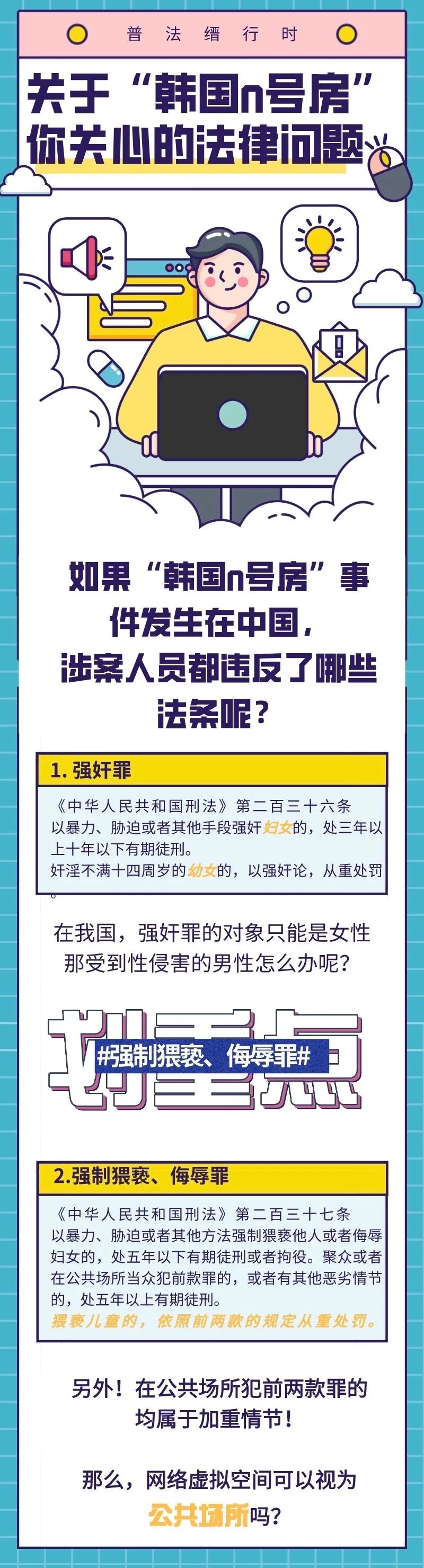 韩国N号房事件为我们敲响了警钟,网络的四通八达,原本是为了人与人的关系不受距离影响、更加亲密。信息的隐蔽匿名,原本也是出于对隐私的保护,不被恶意搜集。但却反而成了图谋不轨之人作恶多端、牟取暴利最便捷的途径。网络上隐蔽的访问路径、难以追踪的数字交易,逐渐成了犯罪滋生的温床,但网络无边,法律有界,网络空间也是社会空间,同样要遵守法律,维持正常秩序。
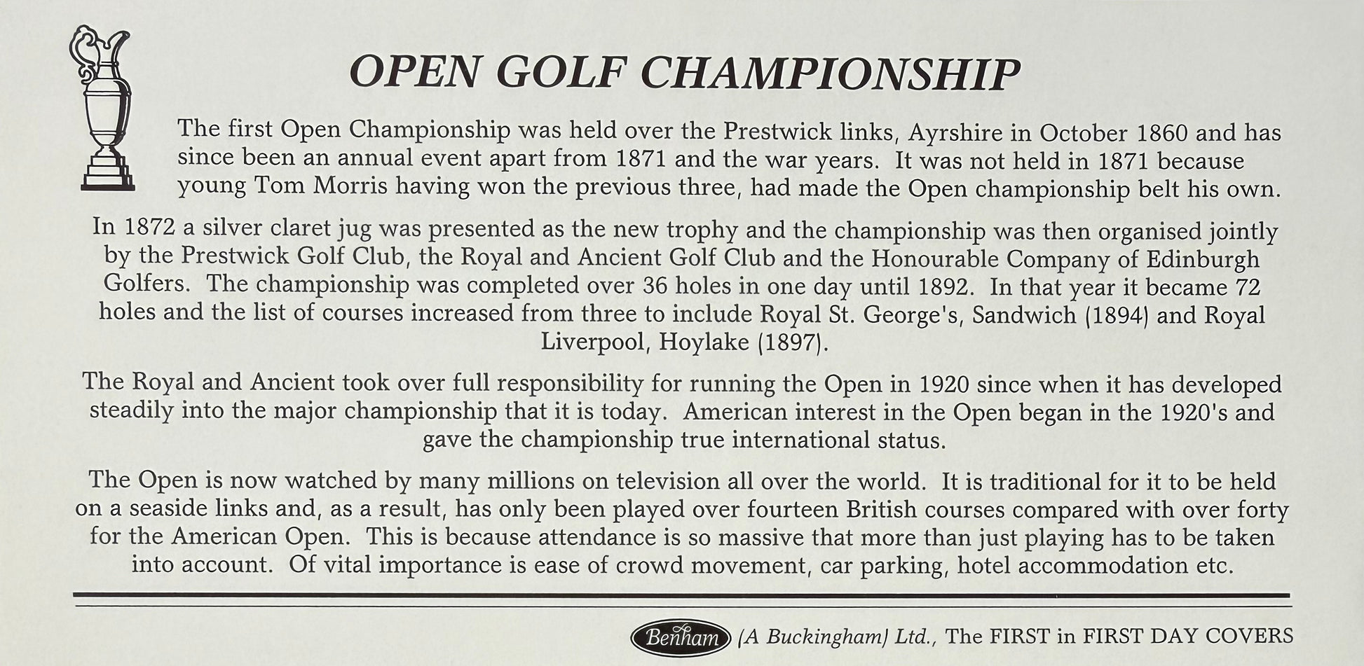 Greg Norman, Australian Golf Legend, 100% Guaranteed Hand Signed, Extremely Rare Original 1994 ‘Open’ Championship First Day Cover - With COA - Certificate of Authenticity.
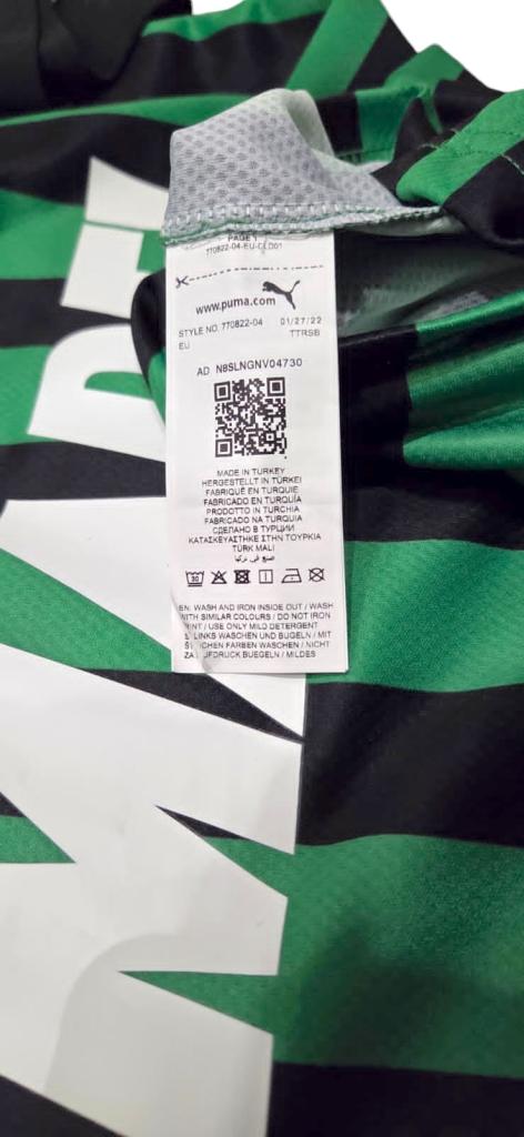 La maglia è una versione Store, come confermato dal taglio della taglia Puma in lettere (M), ed è prodotta in Turchia. Tessuto tecnico leggero e traspirante, pensato per garantire comfort e libertà di movimento. Un pezzo legato a una delle stagioni di crescita della squadra neroverde, quando Frattesi si impose come uno dei giovani più promettenti del campionato.
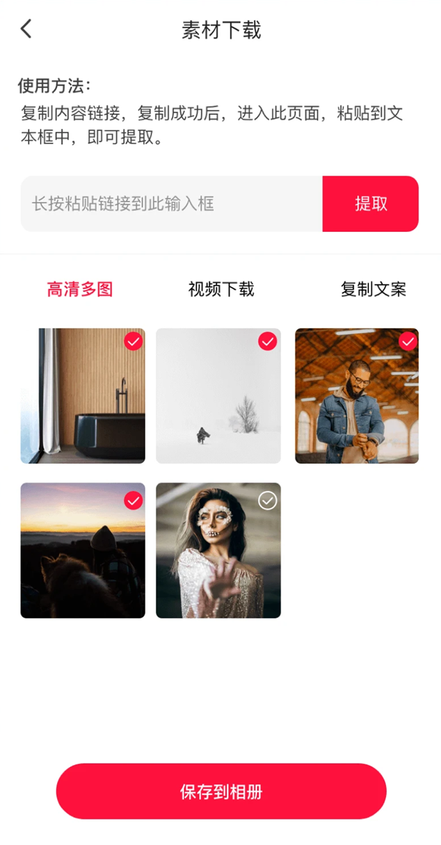 2、选择相册导入模式,从手机本地相册中挑选已下载好的视频文件进行导入。

WHAT NEEDS TO BE DONE >> Skip all pictures. Write out only the lines from the one containing "Greg Norman, Australian" to the end of the listing above, inclusive, exactly as given.

ANSWER SPACE >>
 Greg Norman, Australian Golf Legend, 100% Guaranteed Hand Signed, Extremely Rare Original 1994 ‘Open’ Championship First Day Cover - With COA - Certificate of Authenticity.
 La maglia è una versione Store, come confermato dal taglio della taglia Puma in lettere (M), ed è prodotta in Turchia. Tessuto tecnico leggero e traspirante, pensato per garantire comfort e libertà di movimento. Un pezzo legato a una delle stagioni di crescita della squadra neroverde, quando Frattesi si impose come uno dei giovani più promettenti del campionato.
 2、选择相册导入模式,从手机本地相册中挑选已下载好的视频文件进行导入。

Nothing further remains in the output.